- Education: University of California, Berkeley
- Occupations: Author, Credit Strategist, Economist
- Employer: PAAMCO
- Notable work: Investing in Credit Hedge Funds

= Putri Pascualy =

Author and credit strategist

Putri Pascualy is an American author and credit strategist. She is the author of Investing in Credit Hedge Funds, a book focused on the topic of alternative investing in public and private corporate credit markets.

Pascualy's professional background includes roles as Senior Managing Director with Man Private Credit and Managing Director for Multi Strategy Credit for TPG Angelo Gordon, where she leveraged her investment background to engage with institutional, wealth and insurance LPs. Prior to that, she was a partner and managing director for PAAMCO, an institutional investment firm focused on alternative investments including private credit, hedge funds, leveraged finance (high yield and leveraged loans), structured products, secondaries, as well as direct investing - PAAMCO was acquired by KKR in 2017. Prior to joining PAAMCO in 2006, Pascualy was an economist with Cornerstone Research.

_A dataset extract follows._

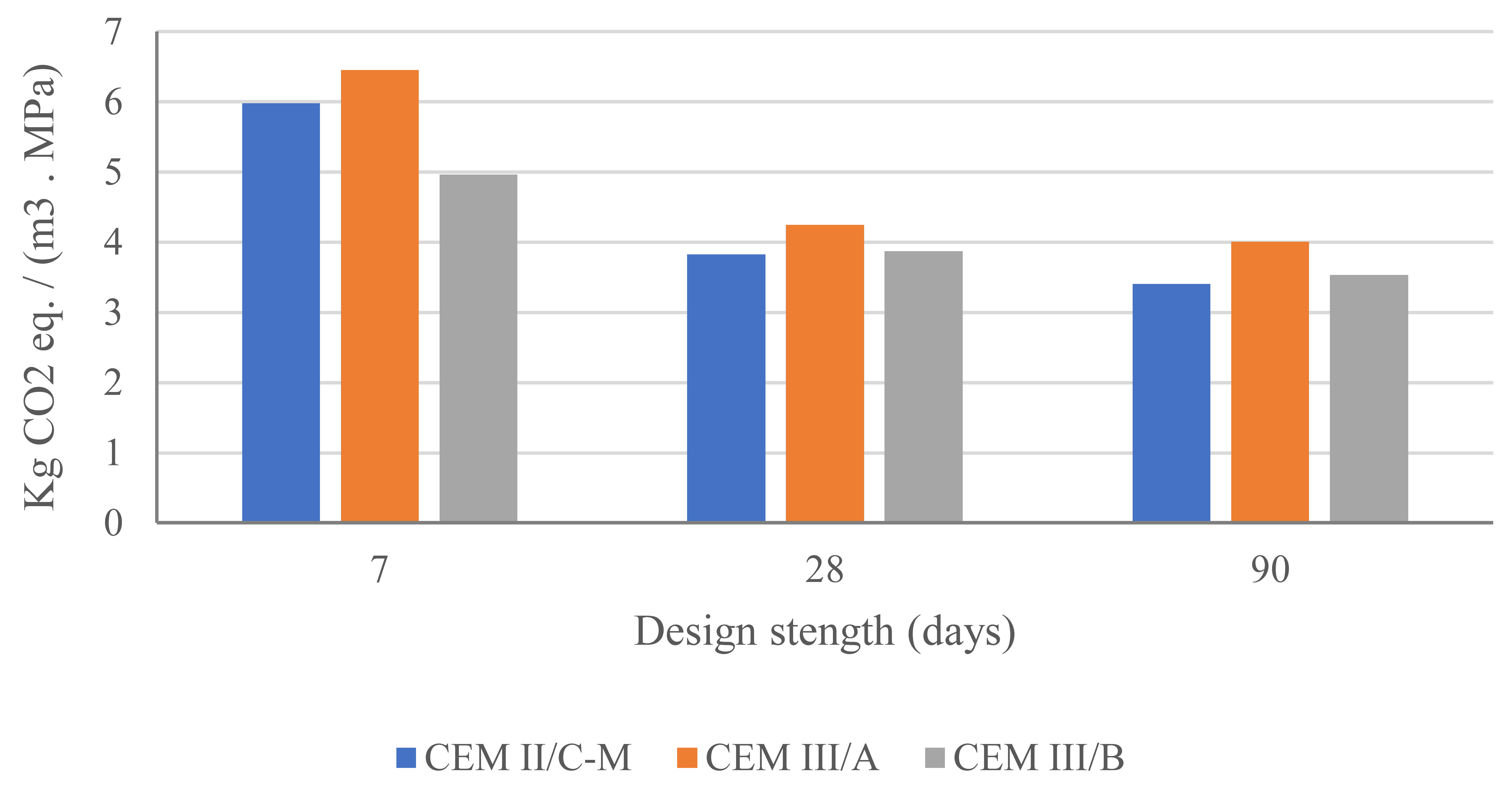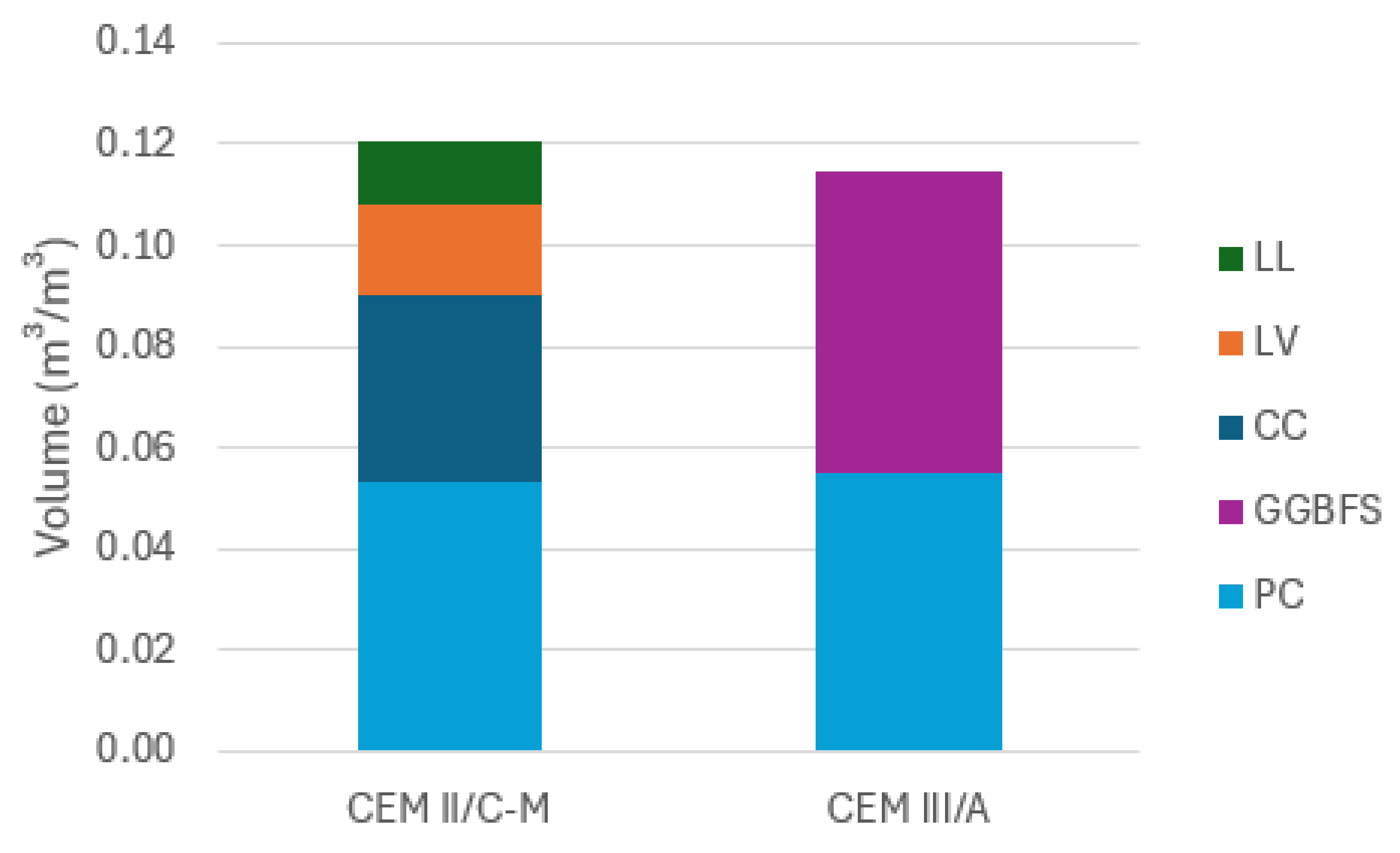| Material (kg/m3) | CEM II/C-M | CEM III/A |
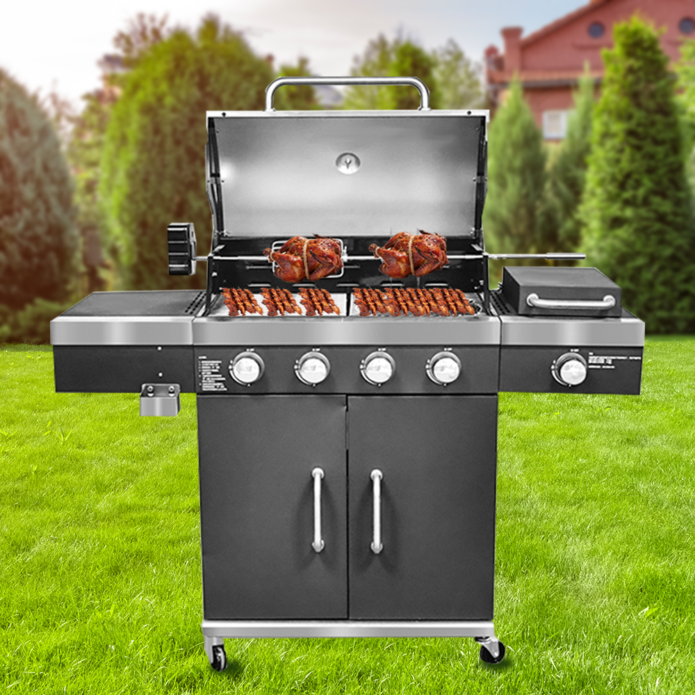 Its built-in motor spins skewers 360° automatically, ensuring every piece of meat, veggie, or seafood gets perfectly charred—no more flipping with tongs.

She speaks at industry panels and conferences, and her comments and contributions have appeared in The Wall Street Journal, Bloomberg News, and U.S. News & World Report. Her recent comments include topics such as recent trends in private credit as well as the impact of scale on credit risk .

Pascualy received undergraduate and MBA degrees from the Haas School of Business at the University of California, Berkeley.